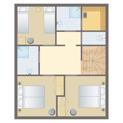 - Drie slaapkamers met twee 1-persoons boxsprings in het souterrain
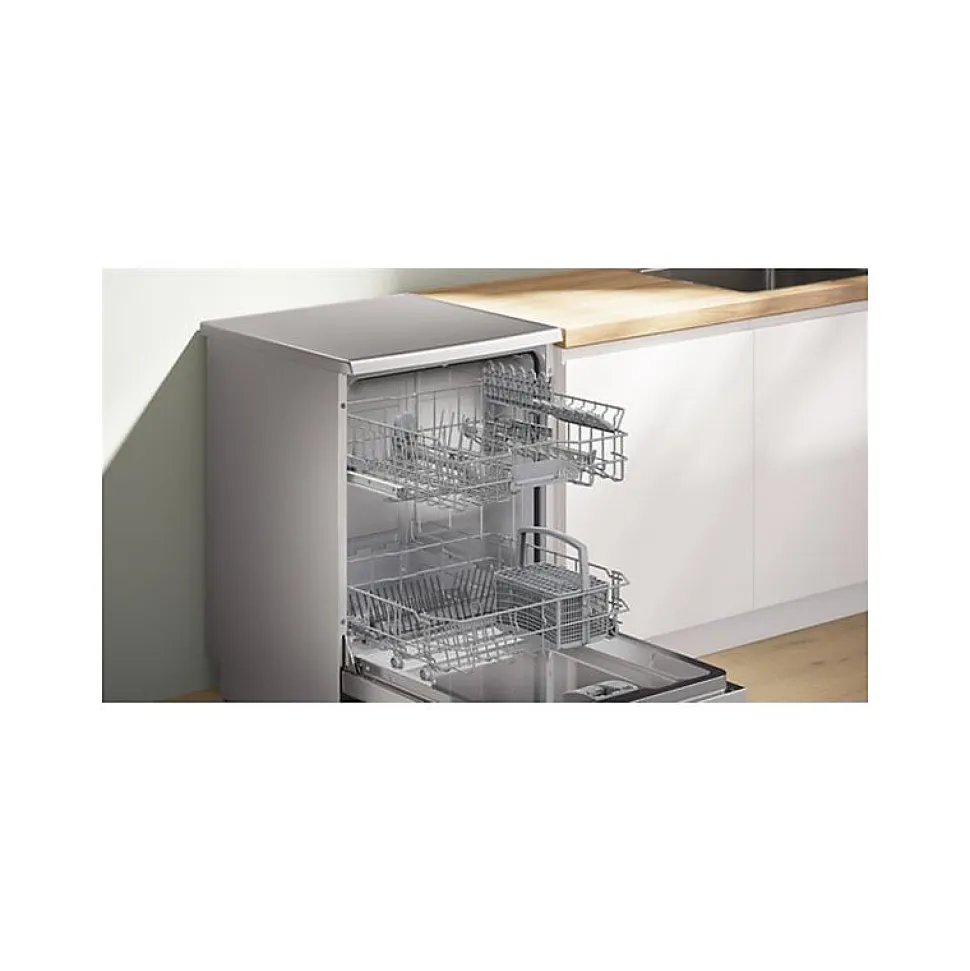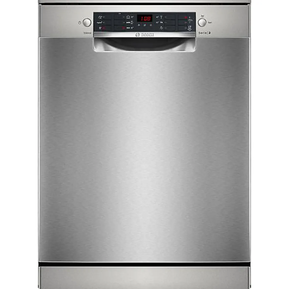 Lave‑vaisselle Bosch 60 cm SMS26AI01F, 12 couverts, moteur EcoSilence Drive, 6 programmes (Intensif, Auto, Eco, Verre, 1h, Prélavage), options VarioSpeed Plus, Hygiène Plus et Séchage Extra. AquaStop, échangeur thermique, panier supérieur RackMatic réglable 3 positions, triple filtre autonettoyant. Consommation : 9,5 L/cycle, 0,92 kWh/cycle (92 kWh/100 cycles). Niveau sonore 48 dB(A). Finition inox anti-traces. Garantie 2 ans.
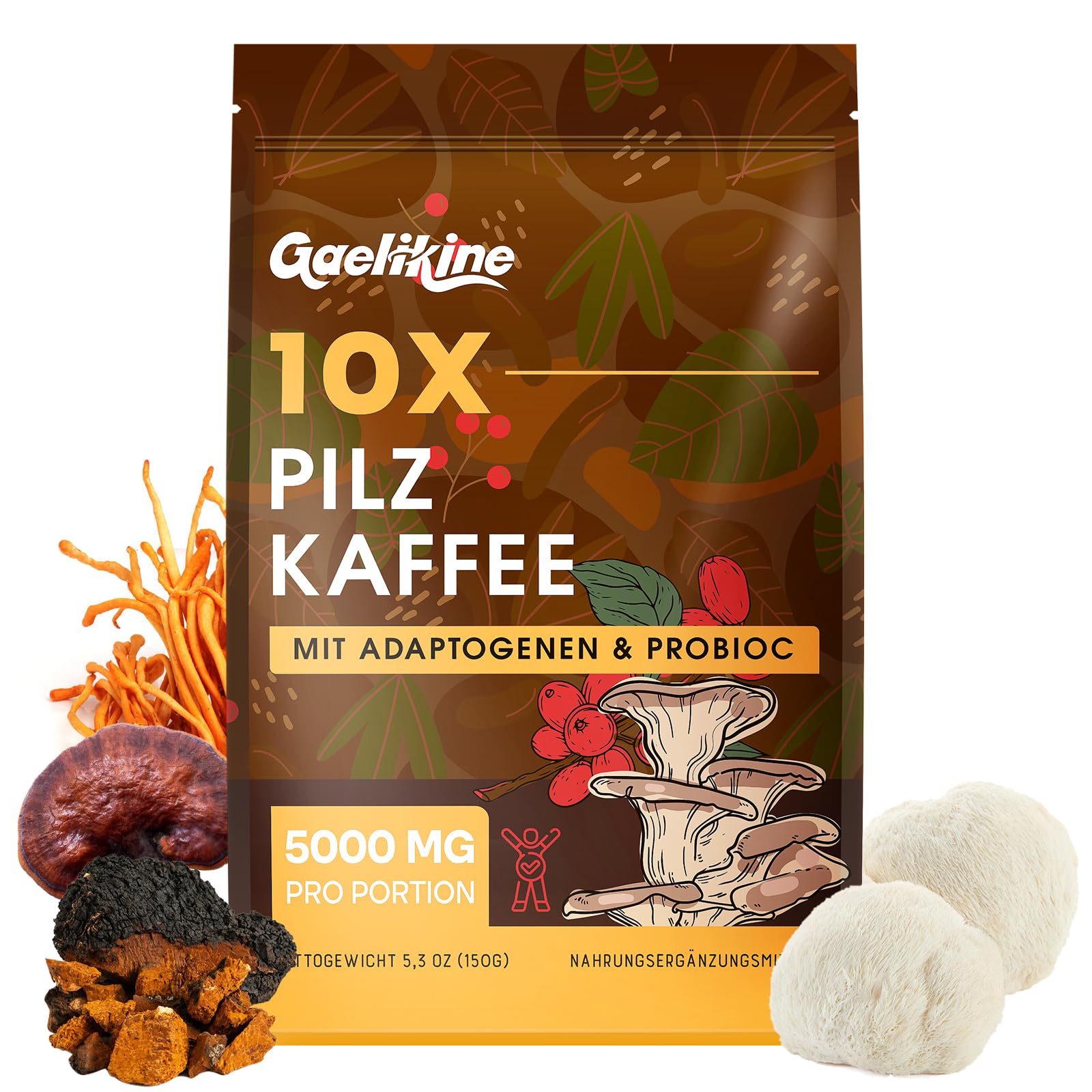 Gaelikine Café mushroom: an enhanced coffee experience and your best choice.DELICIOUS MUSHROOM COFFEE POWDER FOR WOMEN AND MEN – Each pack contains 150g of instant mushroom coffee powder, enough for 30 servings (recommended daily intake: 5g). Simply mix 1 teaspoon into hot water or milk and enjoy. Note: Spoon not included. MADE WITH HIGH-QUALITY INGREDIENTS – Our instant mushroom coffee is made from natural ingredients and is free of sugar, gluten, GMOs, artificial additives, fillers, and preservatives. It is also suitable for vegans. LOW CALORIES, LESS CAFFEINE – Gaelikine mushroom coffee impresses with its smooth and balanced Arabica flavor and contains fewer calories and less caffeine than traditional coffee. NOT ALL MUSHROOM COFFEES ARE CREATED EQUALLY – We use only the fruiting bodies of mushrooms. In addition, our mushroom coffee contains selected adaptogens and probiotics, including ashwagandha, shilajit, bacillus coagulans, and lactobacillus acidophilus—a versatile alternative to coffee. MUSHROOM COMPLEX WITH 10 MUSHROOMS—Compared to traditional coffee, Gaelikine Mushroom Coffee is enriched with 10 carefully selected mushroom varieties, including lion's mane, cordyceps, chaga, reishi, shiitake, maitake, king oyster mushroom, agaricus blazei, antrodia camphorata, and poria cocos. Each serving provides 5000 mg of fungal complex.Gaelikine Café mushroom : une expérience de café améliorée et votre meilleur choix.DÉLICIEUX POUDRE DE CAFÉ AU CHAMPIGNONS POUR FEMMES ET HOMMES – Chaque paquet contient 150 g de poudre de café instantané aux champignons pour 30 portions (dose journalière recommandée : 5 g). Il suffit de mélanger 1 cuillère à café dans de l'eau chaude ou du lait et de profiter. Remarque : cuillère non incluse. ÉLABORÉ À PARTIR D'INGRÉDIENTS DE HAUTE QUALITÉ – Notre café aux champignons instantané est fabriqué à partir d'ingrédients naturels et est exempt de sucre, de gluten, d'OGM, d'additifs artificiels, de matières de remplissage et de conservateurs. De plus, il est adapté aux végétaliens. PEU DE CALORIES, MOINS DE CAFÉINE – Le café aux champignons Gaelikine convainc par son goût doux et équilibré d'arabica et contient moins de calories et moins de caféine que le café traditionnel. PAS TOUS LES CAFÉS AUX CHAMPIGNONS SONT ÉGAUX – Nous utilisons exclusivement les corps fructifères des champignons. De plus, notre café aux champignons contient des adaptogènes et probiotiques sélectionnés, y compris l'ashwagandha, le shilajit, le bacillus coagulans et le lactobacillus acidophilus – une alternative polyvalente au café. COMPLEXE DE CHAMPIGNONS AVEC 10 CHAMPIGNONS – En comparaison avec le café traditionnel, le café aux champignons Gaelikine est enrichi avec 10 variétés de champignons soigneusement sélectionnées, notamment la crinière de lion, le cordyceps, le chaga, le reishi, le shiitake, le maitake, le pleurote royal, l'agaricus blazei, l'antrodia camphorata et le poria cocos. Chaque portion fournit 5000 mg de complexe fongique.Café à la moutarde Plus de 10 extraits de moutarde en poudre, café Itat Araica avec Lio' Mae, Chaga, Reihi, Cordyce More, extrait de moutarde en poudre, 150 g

*****

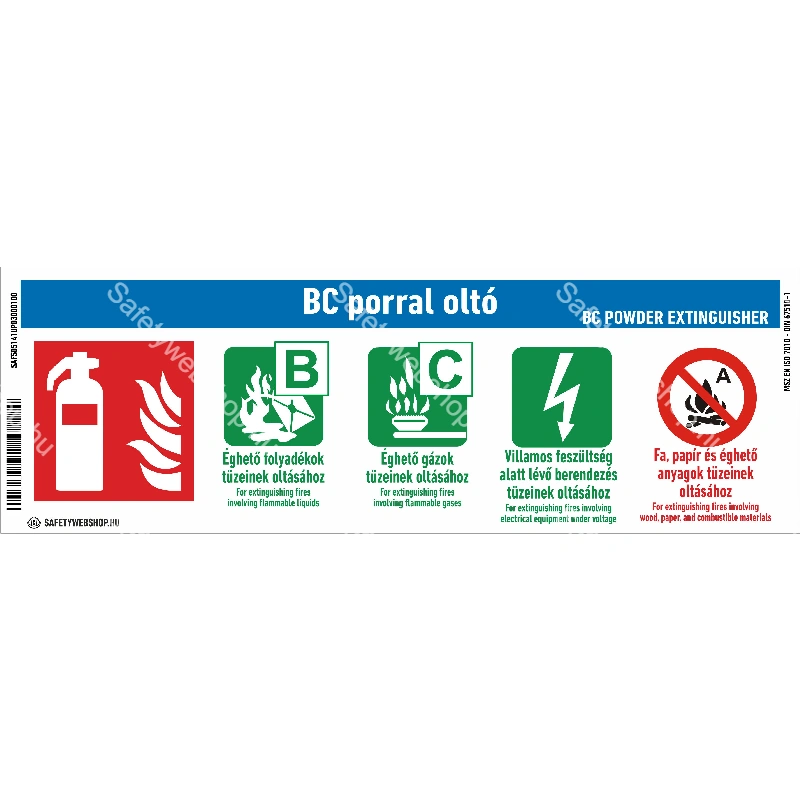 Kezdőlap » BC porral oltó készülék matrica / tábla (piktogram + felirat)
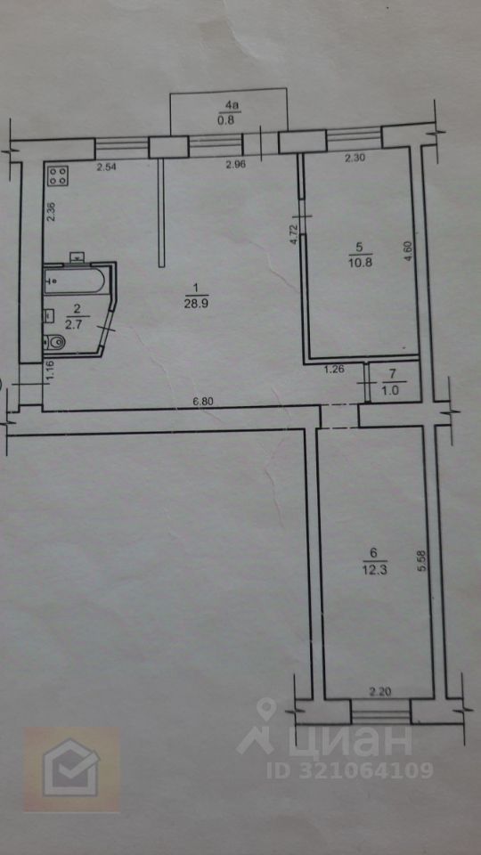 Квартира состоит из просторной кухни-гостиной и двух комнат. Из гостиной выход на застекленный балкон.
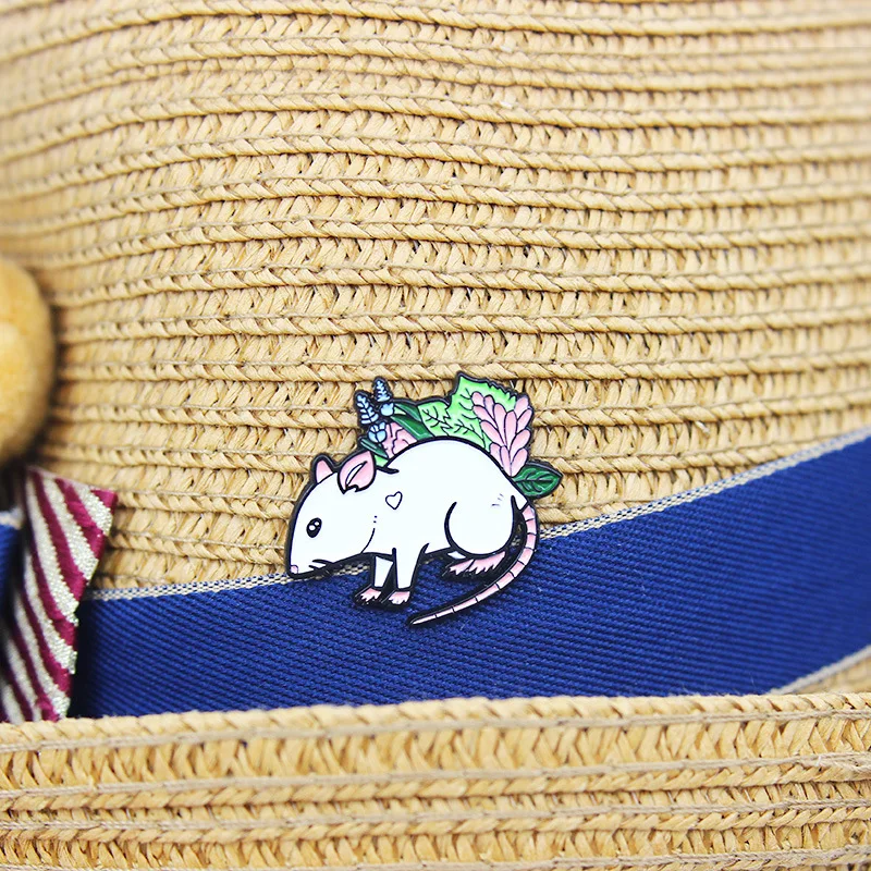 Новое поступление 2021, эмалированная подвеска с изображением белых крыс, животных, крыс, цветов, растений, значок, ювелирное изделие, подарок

*****

→ **TASK OBJECTIVE**
Would you copy out, exactly and with no pictures, only the lines above from the one that contains "(piktogram + felirat)" through the one that contains "Новое поступление 2021, эмалированная"?

→ **OUTPUT OF THE TASK**
 Kezdőlap » BC porral oltó készülék matrica / tábla (piktogram + felirat)
 Квартира состоит из просторной кухни-гостиной и двух комнат. Из гостиной выход на застекленный балкон.
 Новое поступление 2021, эмалированная подвеска с изображением белых крыс, животных, крыс, цветов, растений, значок, ювелирное изделие, подарок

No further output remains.